Realistic length of TL-191 Great War?

Now, one common criticism I tend to see and one I happen to share is that realistically, with all the resources the Central powers had at their disposal with just the US and Germany alone, the Entente should have realistically never lasted even till 1917.

But, regardless of my own opinion I'm curious as to what more knowledgeable minds might say. So realistically, how long do you think the first great war should have lasted?

And to get it out of the way, lets ignore the issue that realistically the thing never would have occurred (at least in a recognizable form) in the first place with a independent CSA.
 
IMO the CSA should be knocked out by Spring of 1916 and Canada by the end of summer. In Europe France and Russia should be falling the same time.

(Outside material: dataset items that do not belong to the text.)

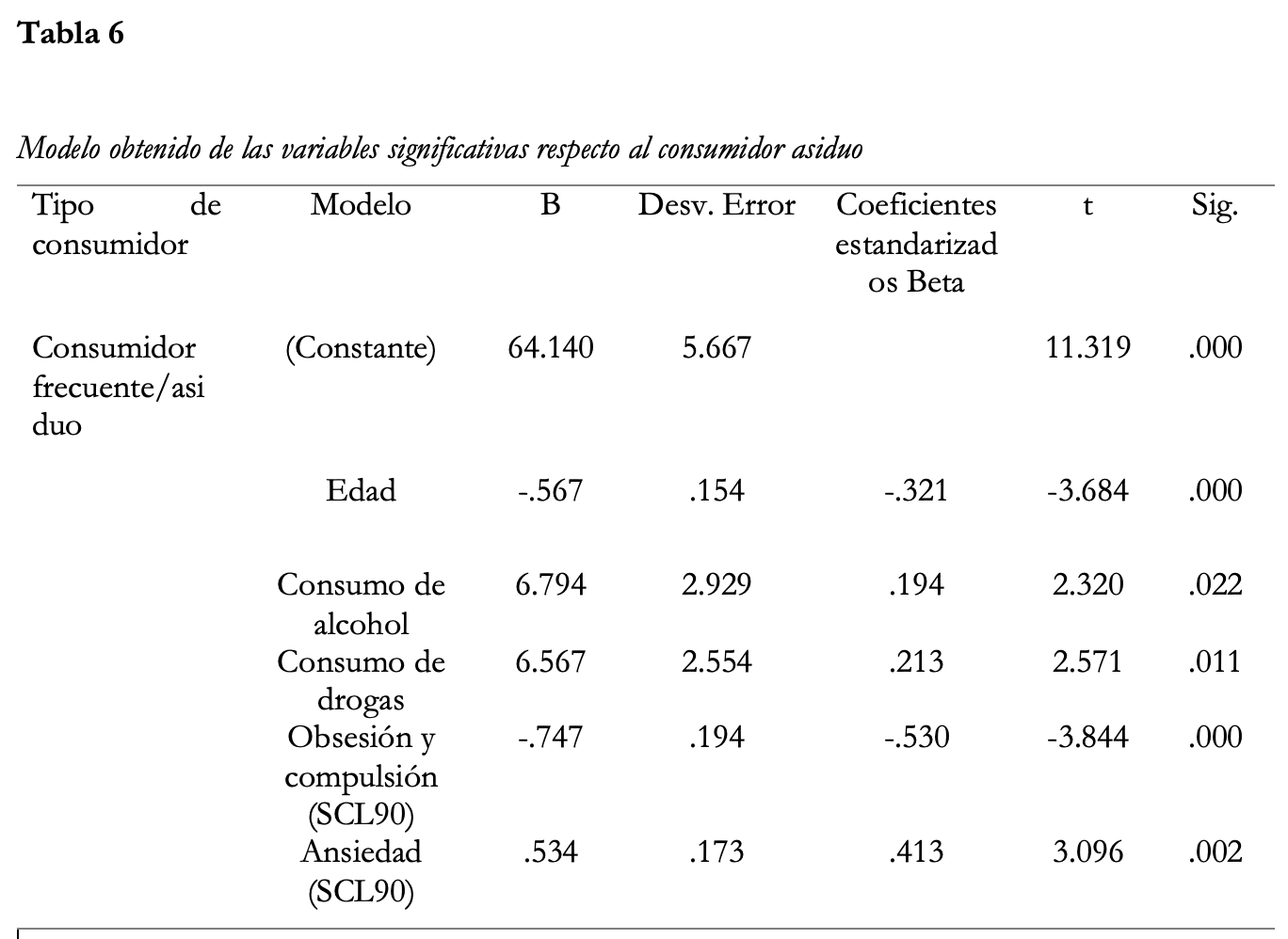 Respecto a las variables psicológicas, se puede referir, acerca de los consumidores asiduos, que encontrar presentes tanto los factores de obsesión-compulsión como los de ansiedad apoya lo mencionado por Wéry y Billieux (2017), Castro, García et al. (2018), Sniewski et al. (2018), Varfi et al. (2019), Luvara et al. (2020) y Ranieri et al. (2021), que indican que dichas variables están relacionadas con los consumidores de ASL.
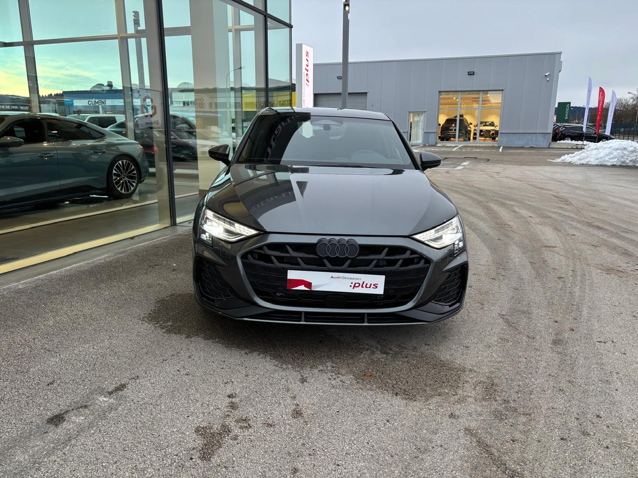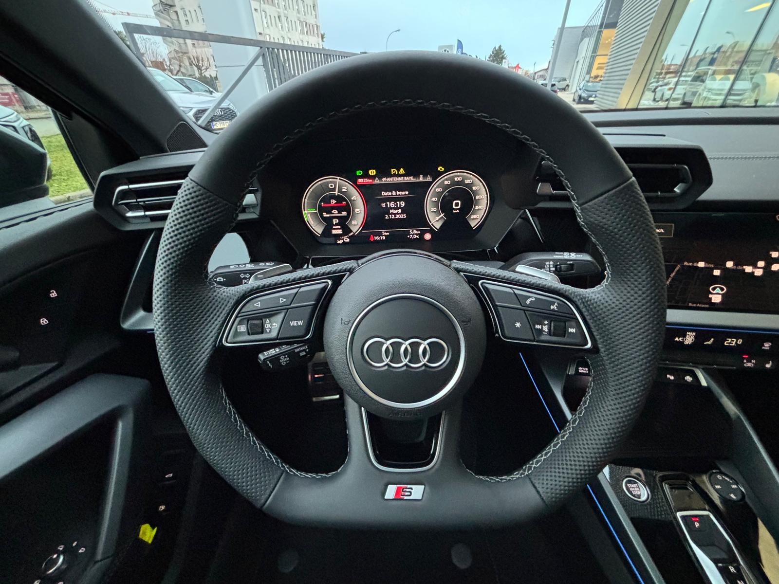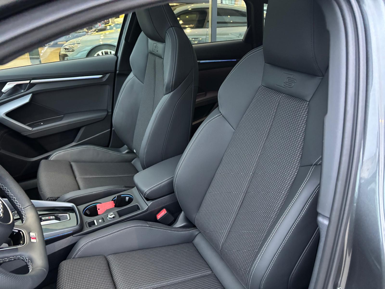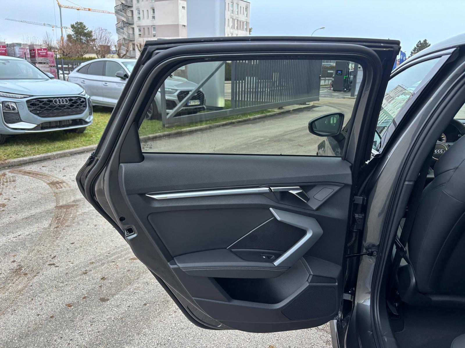 - Pack Esthétique Noir Plus Anneaux Audi en noir sur AV/AR du véhicule et identification du modèle/moteur en noir
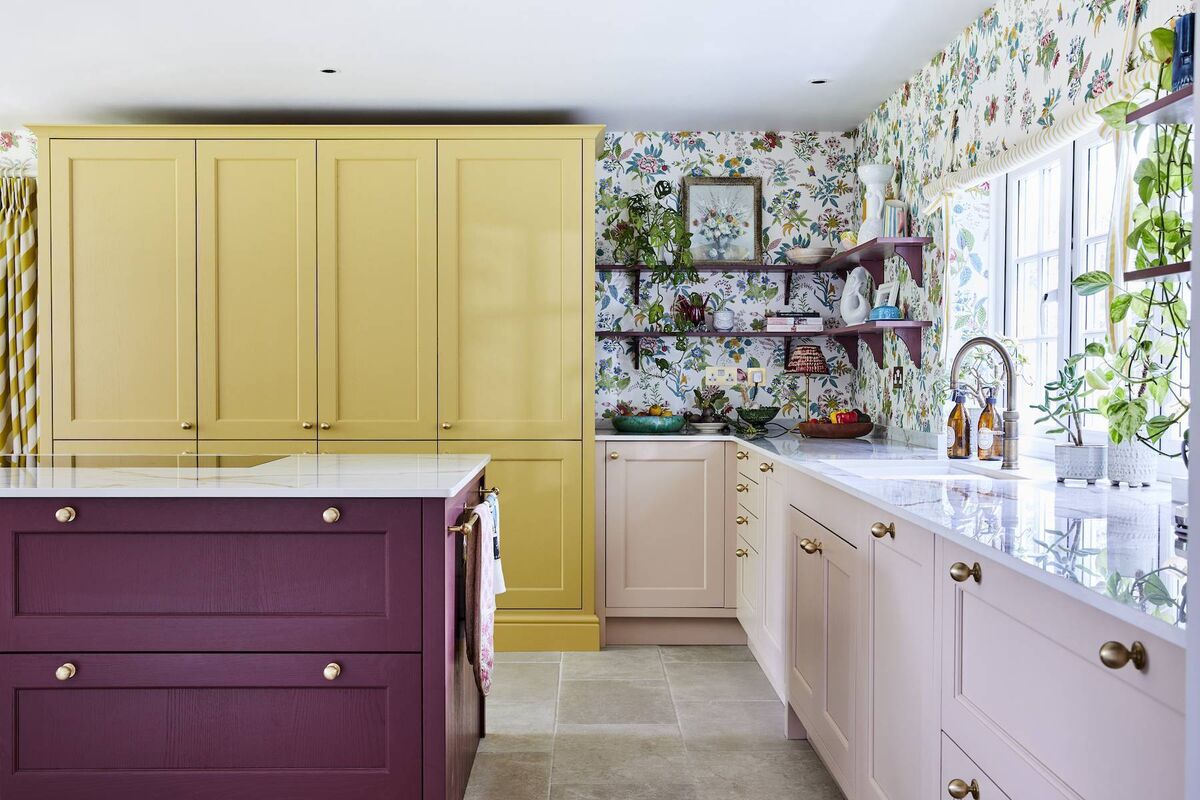Her Shaker kitchen — in shades of yellow, aubergine and pink — features fabric and wallpaper from her own collection with Harlequin across walls, sofas, cushions, and curtains.

Quite simply a German trained US army with two year conscription should have steamrollered the South hard in the early phases, chewed up the Souths reserves over 1915 and knocked them out in Spring of 1916, before turning on Canada

Likewise in Europe, with a weaker BEF the French should have been handled more roughly in the opening phases than OTL, and the Germans get farther. With british reinforcements reduced [no Canadians and some British going to canada] the French will be taking more casualties, while no US imports will mean France has to cut war production by 25%. Italy likely stays out when it realizes it will get no help from the Entente, so Austria does better against Russia in 1915. By 1916 France should be out of reserves and near mutiny and a big push should finish them and take Paris, while Russia will be in the situation of OTL 1917 due to less loans and imports. Italy should be thinking about dogpilng on the French by this point.
 
Not weighing in on either side of the argument here, but IIRC the British and Canadians both have had conscription for years.
 

Abhakhazia

Banned
I agree with the prediction that the C.S. could have been out by Spring 1916, but at the time they still held Washington D.C. and a good chunk of Maryland. Because of that, I'd say fall of 1916 is a better prediction.

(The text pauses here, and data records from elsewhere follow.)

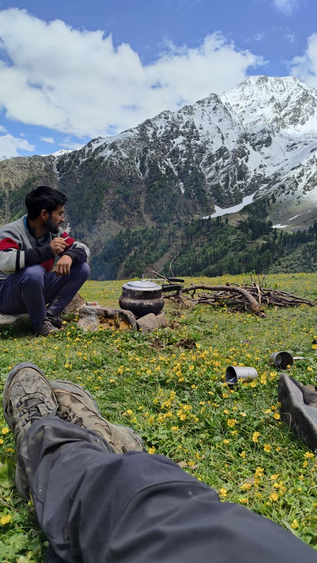The campsite at Juda Ka Talab is one of the most picturesque on the trail, with a flat clearing for tents, a natural water source, and an ideal setup for stargazing at night. After setting up camp and having a hot lunch, take some time to explore the lake surroundings or relax and acclimate to the higher altitude.
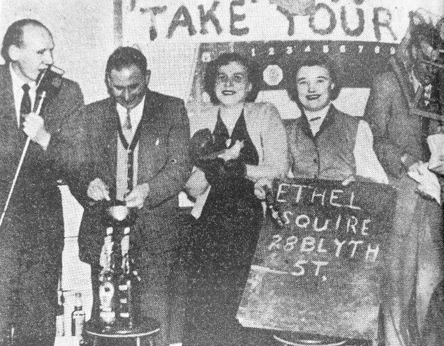 Fighting it out in the final of the “Take your Pick” competition at the Fox Inn were John Hughes, Hilda Taylor, Ethel Squires and George Herbert see with compere Noah Broadhead
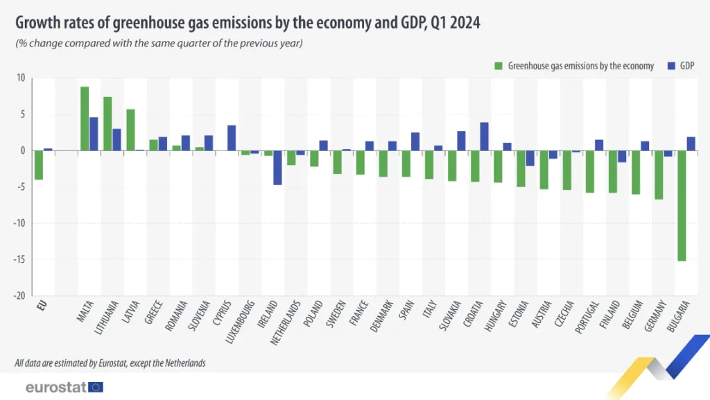 Se estimează că, în primul trimestru al anului 2024, emisiile de gaze cu efect de seră au scăzut în 20 de țări ale UE, în comparație cu același trimestru al anului 2023. Cele mai mari reduceri ale emisiilor de gaze cu efect de seră sunt estimate pentru Bulgaria (-15,2%), Germania (-6,7%) și Belgia (-6,0%).
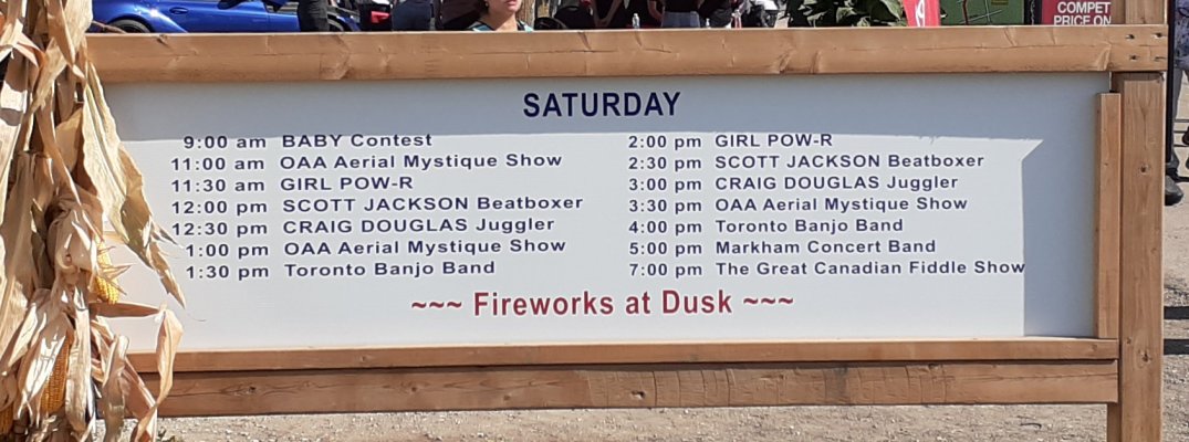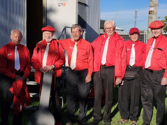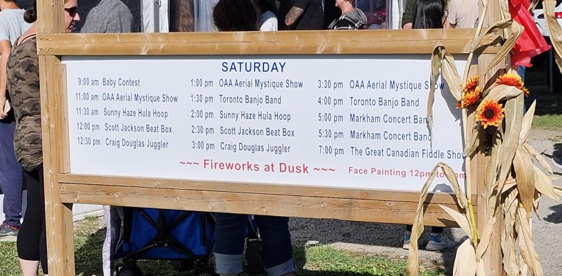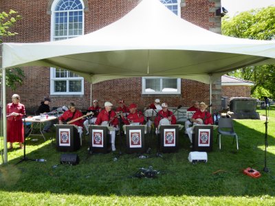 The Markham Fair, Markham, Ontario September 30, 2023 We were back at the Markham Fair just north of Toronto after missing a year due to Covid 19. We almost had our full complement for the first of two sets ... Jeff and Barb made it for the last number. Set number two was fully staffed. The weather was perfect if a little warm (24C) and that brought lots of fair goers out to see the exhibits, animals, crafts etc. Our first set in the Entertainment Tent was the usual half hour, the second set was allowed to run a little longer, maybe 45 minutes. Bandmembers taking part were Direct Jim, Barb, Jeff, Glen, Bev, Patrick, Bob and Al. Our band is a little smaller these days, but we still all have fun and our audience seemed to enjoy the show with singing along and clapping to the rhythm. Hope to see you all next year.

The Red Rebellion probably should have taken more troops than it did to be crushed so quickly.
 
I agree with the prediction that the C.S. could have been out by Spring 1916, but at the time they still held Washington D.C. and a good chunk of Maryland. Because of that, I'd say fall of 1916 is a better prediction.

The Red Rebellion probably should have taken more troops than it did to be crushed so quickly.
They shouldn't have taken that area in the first place, against prepared defenses and good doctrine, well look at the French offensive on Alsace Lorraine getting chewed up, given that the CS is France to the US Germany the results should be similar
 

elkarlo

Banned
IMO the CSA should be knocked out by Spring of 1916 and Canada by the end of summer. In Europe France and Russia should be falling the same time.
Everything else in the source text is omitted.